5th President of the Executive Council of PR Bosnia and Herzegovina
- In office 14 June 1965 – 1967
- Preceded by: Hasan Brkić
- Succeeded by: Branko Mikulić

Personal details
- Born: 4 November 1918 Gornji Ribnik, State of Slovenes, Croats and Serbs
- Died: 22 December 2004 (aged 86) Belgrade, Serbia and Montenegro
- Party: League of Communists of Yugoslavia
- Profession: Civil servant, soldier

Military service
- Allegiance: Yugoslavia
- Branch/service: Yugoslav Partisans
- Years of service: 1941–1945

= Rudi Kolak =

Yugoslav and Bosnian communist politician

Rudolf Kolak (4 November 1918 – 22 December 2004) was a Yugoslav and Bosnian communist politician.

==Biography==
Kolak was born in Gornji Ribnik near Ključ to a Bosnian Croat family. He studied at the University of Belgrade's Law School until 1940. Kolak joined the Communist Party of Yugoslavia in 1941, joining the Partisans. Later he became a member of the Central Committee of the Communist Party of Yugoslavia.
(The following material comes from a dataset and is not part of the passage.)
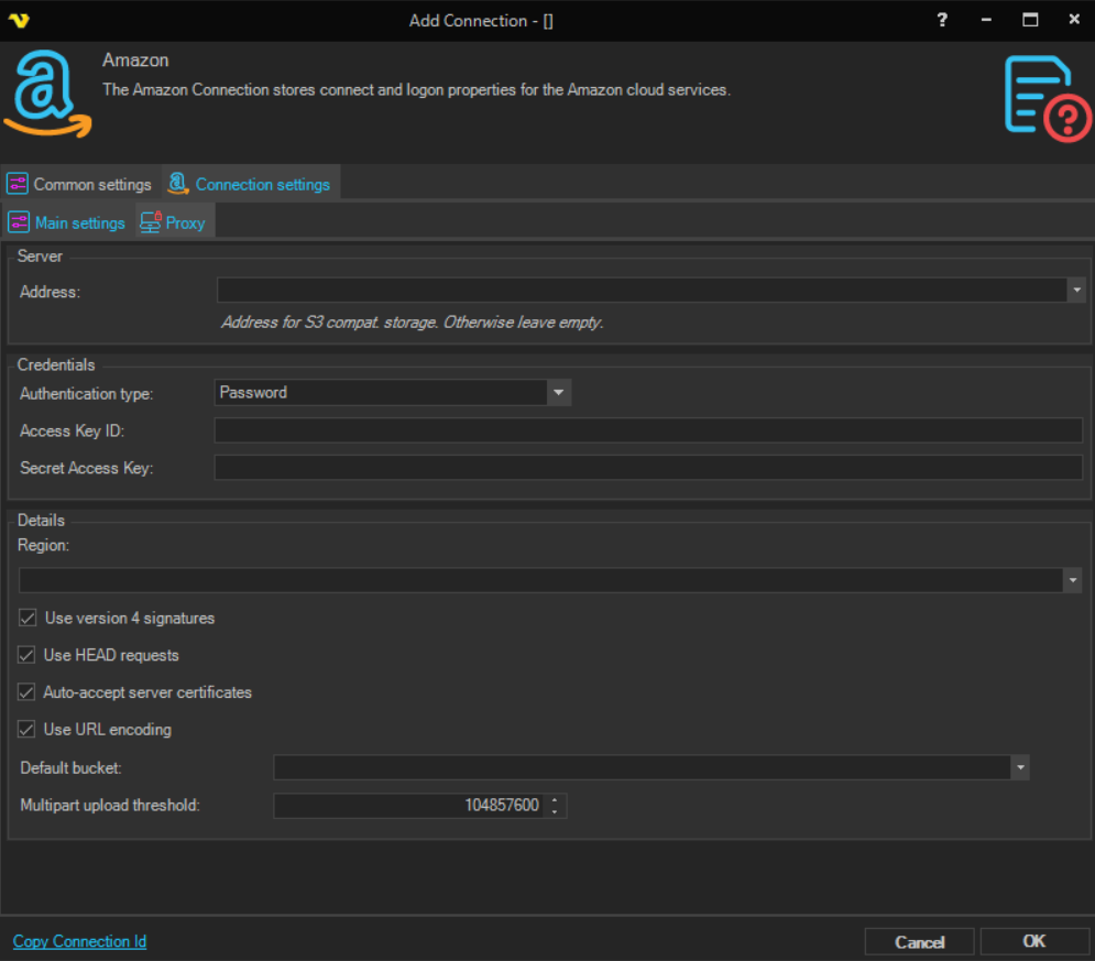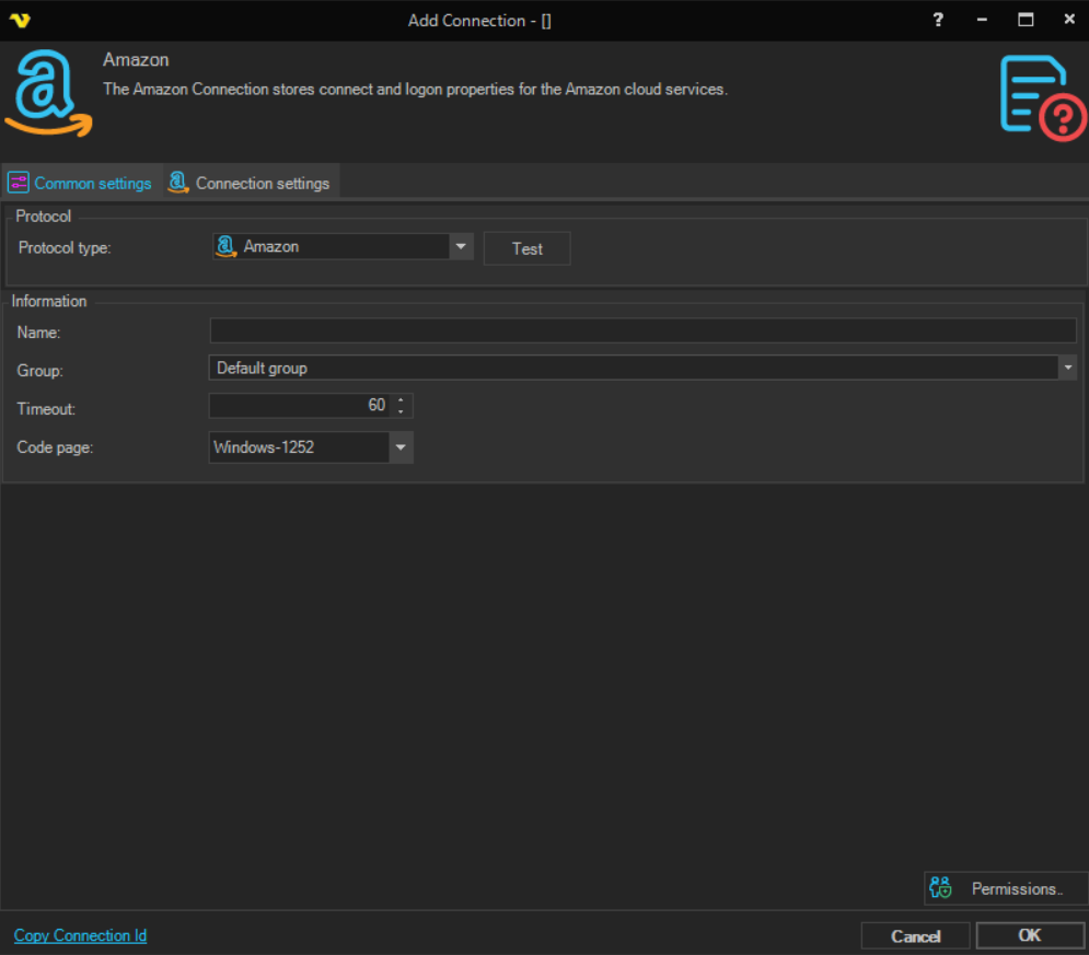 The Amazon Connection stores connect and logon properties for the Amazon cloud services.

After the war, Kolak held various posts: he was Secretary of the People's Assembly of Socialist Republic of Bosnia and Herzegovina, President of People's Assembly in Banja Luka, President of the Supervisory Committee, and Minister in the Government of the Socialist Republic of Bosnia and Herzegovina.

After that he was spokesman in the Ministry of Finance of the Government of SFR Yugoslavia and spokesman of the President of Yugoslavia, Josip Broz Tito.

From 1963-65 he was Vice President of the Executive Council of SR Bosnia and Herzegovina and became President of the Executive Council of SR Bosnia and Herzegovina in 1965 and held that post until 1967.

After that he was Vice President of the Federal Government of SFR Yugoslavia from 1967–69 and President of the Yugoslav Chamber of Commerce from 1969-74.